I'm not sure if the original intent was to allow using different JMH version for different targets within the same project. Assuming it was not, it might be worth reconsidering how this option works and either throwing an exception when there are multiple tasks with different JMH versions, or deprecating target-level option altogether and configuring JMH-version for the whole project only (there's already a benchmarks_jmh_version property for that). Or, of course, we may pursue correct behavior when different tasks use different JMH versions, but personally, I don't see a lot of value there.

@qurbonzoda WDYT?

qurbonzoda commented 7 months ago

I also can’t see any benefits of testing with different JMH versions, and I doubt it was intended to allow the use of different JMH versions. As a first step, we could prohibit explicitly specifying different jmhVersion in different JVM benchmark targets. For targets without an explicit jmhVersion, we could default to the version specified in another target or to the default version if none is specified.

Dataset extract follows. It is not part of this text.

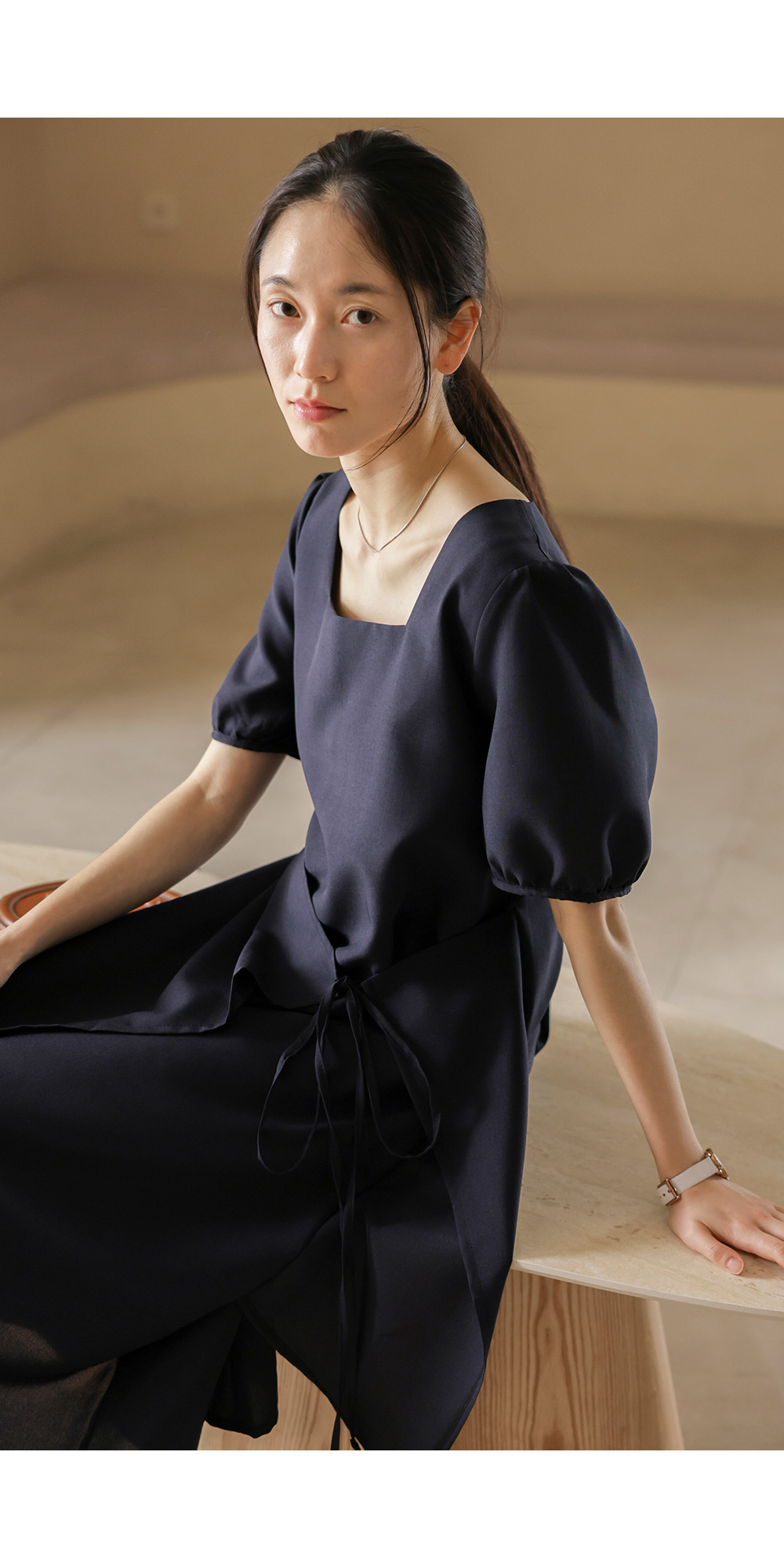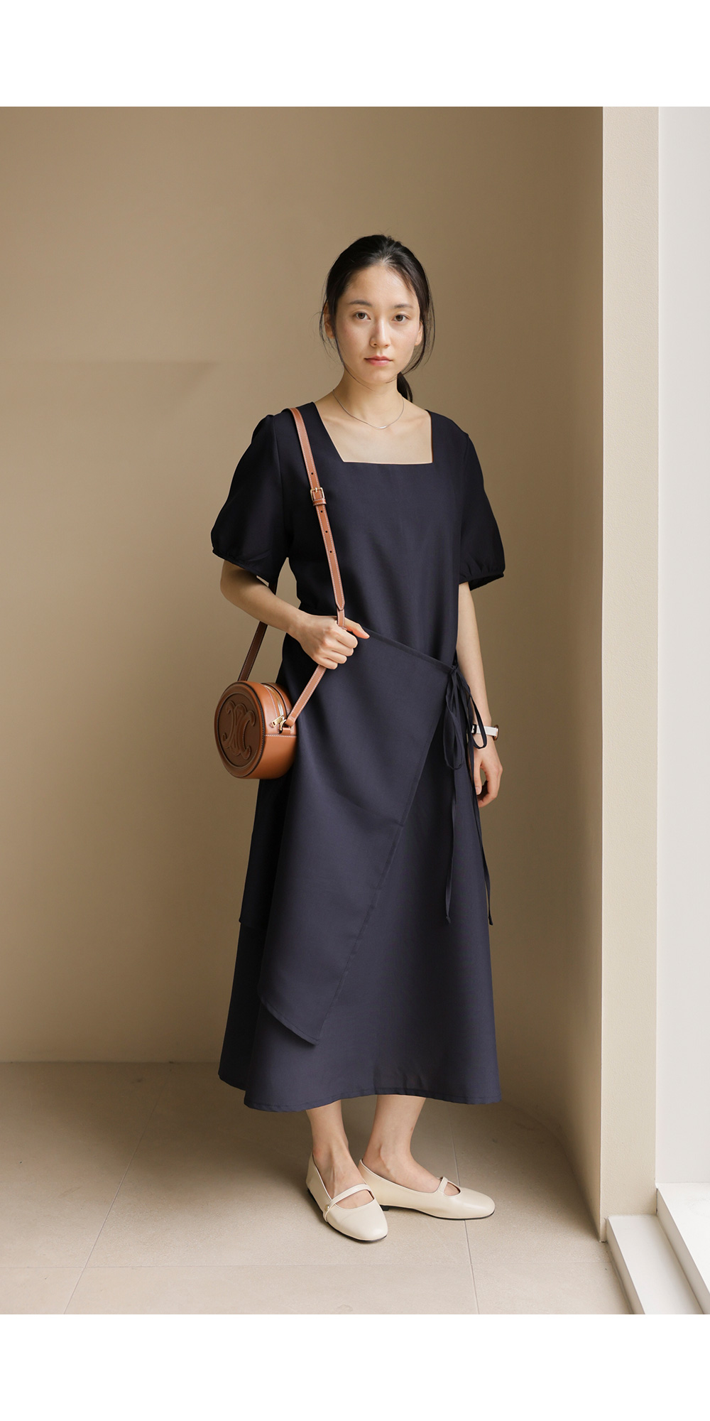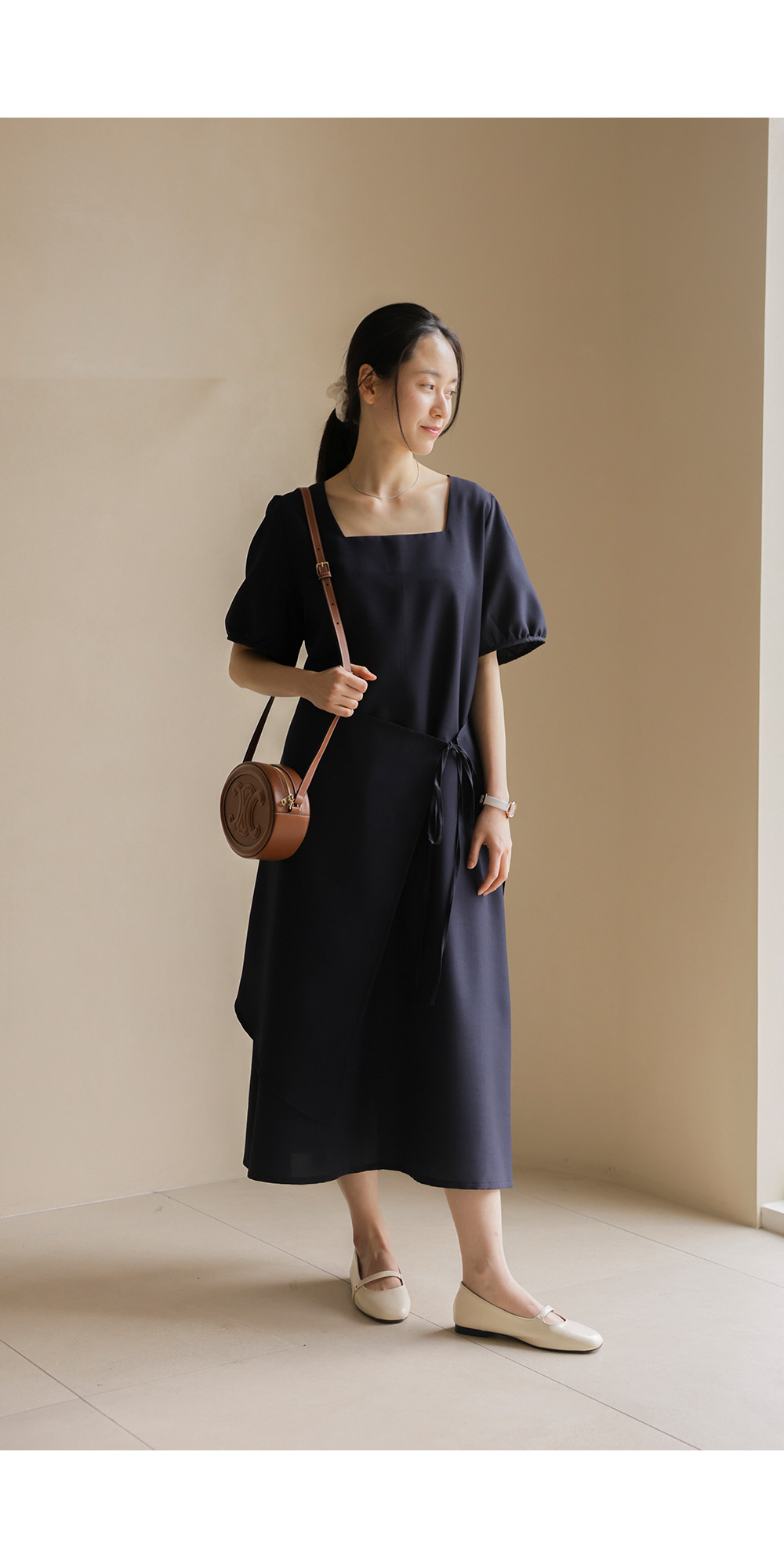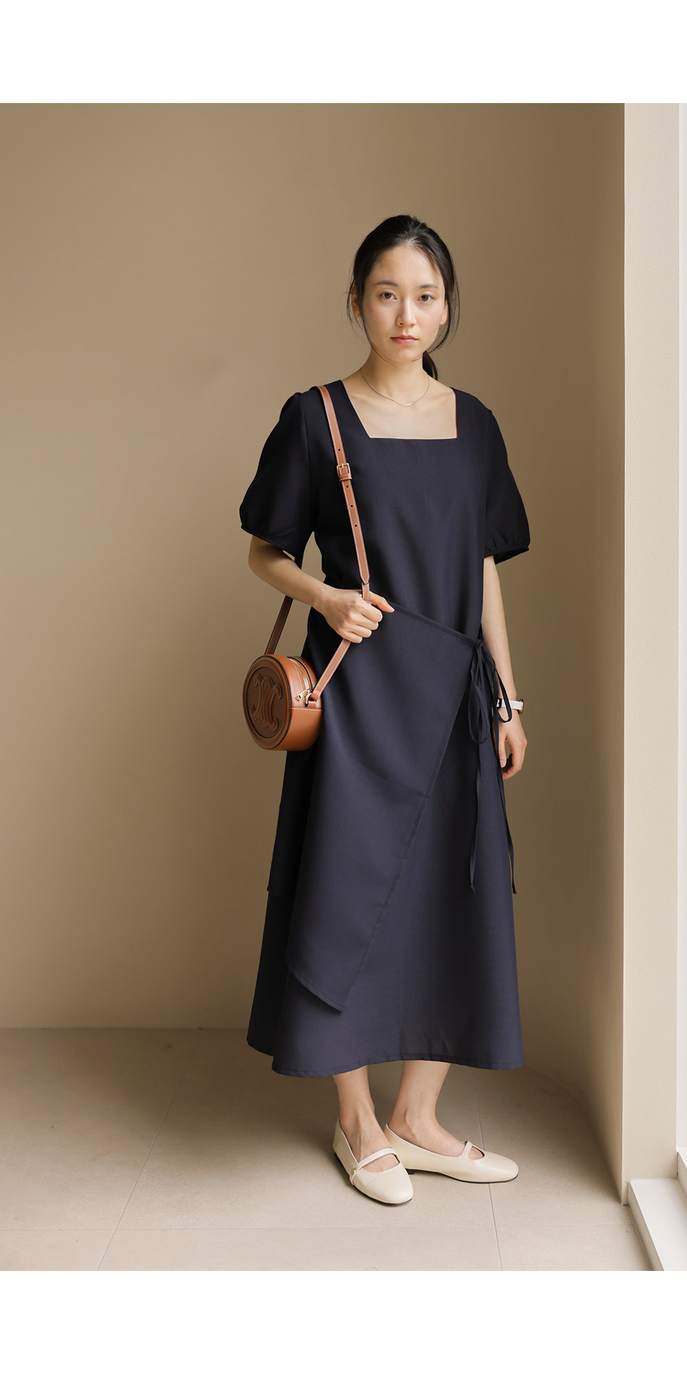 입는 순간 드라마틱한 실루엣의 변화를 경험하실 수 있는 특별한 원피스 소개해요. 시원하게 트인 스퀘어 넥 라인이 쇄골을 예쁘게 드러내 주어 얼굴이 한층 작아 보이고, 랩 스타일과 연결된 스트랩이 허리선을 안정감 있게 잡아주어 체형 보정 효과가 탁월하답니다.

Later, we should design an API to specify the JMH version for all JVM targets.

qurbonzoda commented 7 months ago

Everyone can specify their own favourite version of JMH manually, but it would be nice to have a more recent version by default.

I support the idea. Given that the possible negative effects on already written benchmarks are researched, I would be happy to see the default version updated to a newer version.